Plaintiff also contends that the amount of time spent by Counsel in this case was excessive. (Dkt. 52 at 2). The Court respectfully disagrees. Based on the excessive size of the Administrative Record in this matter-1, 750 pages-and the complicated legal and medical issues that were thoroughly briefed in the motion for summary judgment and reply, the Court finds that Counsel's time spent on this case was very reasonable.[4]

After carefully considering the issues raised by Plaintiff, the Court finds that Plaintiff's fee agreement with Counsel was fair and the amount claimed reasonable. As discussed above, the attorneys' fees paid out of Plaintiff's award amount to less than $320 per hour, which is very fair considering that Counsel was instrumental in securing Plaintiff over $107, 000 in past due benefits and almost $1, 250 in monthly social security payments going forward.

In sum, the Court finds that Counsel's fee request is reasonable. The overall favorable result for Plaintiff is not out of proportion to the 34 hours of work that Counsel performed. Furthermore, the Commissioner does not contend and this Court does not find any evidence that Counsel's work was in any way substandard, or that he contributed to any delays in the proceedings. See Gisbrecht, 535 U.S. at 808.

D. EAJA Award Will Be Refunded to Plaintiff

A claimant's attorney is eligible to request fees from the district court under the Equal Access to Justice Act (EAJA), 28 U.S.C. § 2412. "Under EAJA, a party prevailing against the United States in court, including a successful Social Security benefits claimant, may be awarded fees payable by the United States if the Government's position in the litigation was not substantially justified." Gisbrecht, 535 U.S. at 796 (quoting 28 U.S.C. § 2412(d)(1)(A)). While fee awards may be made under both § 406 and EAJA, the attorney must refund to the claimant the amount of the smaller fee. Id. "Thus, an EAJA award offsets an award under Section 406(b), so that the amount of the total past-due benefits the claimant actually receives will be increased by the EAJA award up to the point the claimant receives 100 percent of the past-due benefits." Id. (citation omitted).

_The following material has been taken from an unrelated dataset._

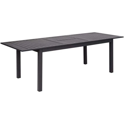 Modern Style Outdoor Table. This extending garden table, crafted from high-quality, lightweight aluminum, offers a spacious and versatile dining solution perfect for outdoor gatherings. Its simple, modern design features clean lines and a sleek finish that complements any contemporary outdoor setting. The table's extendable function allows it to easily adapt to different group sizes, making it an ideal choice for families and hosts who enjoy entertaining. Details: Product Type: Dining Table General Color: Grey Shade: Dark Grey Material Type: Metal Main Material: Aluminium Legs material: Synthetic Material Top Material: Synthetic Material Shape: Rectangular Finish: Powder Coated Seats Up To: 8 People Dimensions: Width: 90 cm Length: 180/240 cm Height: 74 cm Weight: 23 kg Weight Capacity: 75 kg Offer Includes: 1 x Table Key Features: Perfect for Dining in Larger Groups, High-Quality Materials, Rust-Proof Stable Frame, UV Resistance, Extendable Table Top for Extra Space Assembly

In June 2012, Counsel received EAJA fees in the amount of $6, 073.50, which he has agreed to refund to Plaintiff. (Mot. ¶¶ 7-10). In his Motion, Counsel made a calculation error, incorrectly requesting the Court to release $6, 387.50 to Plaintiff for the EAJA offset. (Reply 1). Counsel has agreed that this $314 error should inure to Plaintiff's benefit. ( Id. 1-2).


For the foregoing reasons, Plaintiff's Motion for Attorney Fees [47] is GRANTED. The Court GRANTS Counsel's petition for § 406(b) fees in the amount of $26, 783.23. The Commissioner shall pay $20, 395.73 to Counsel, and release the balance, $6, 387.50, to Plaintiff.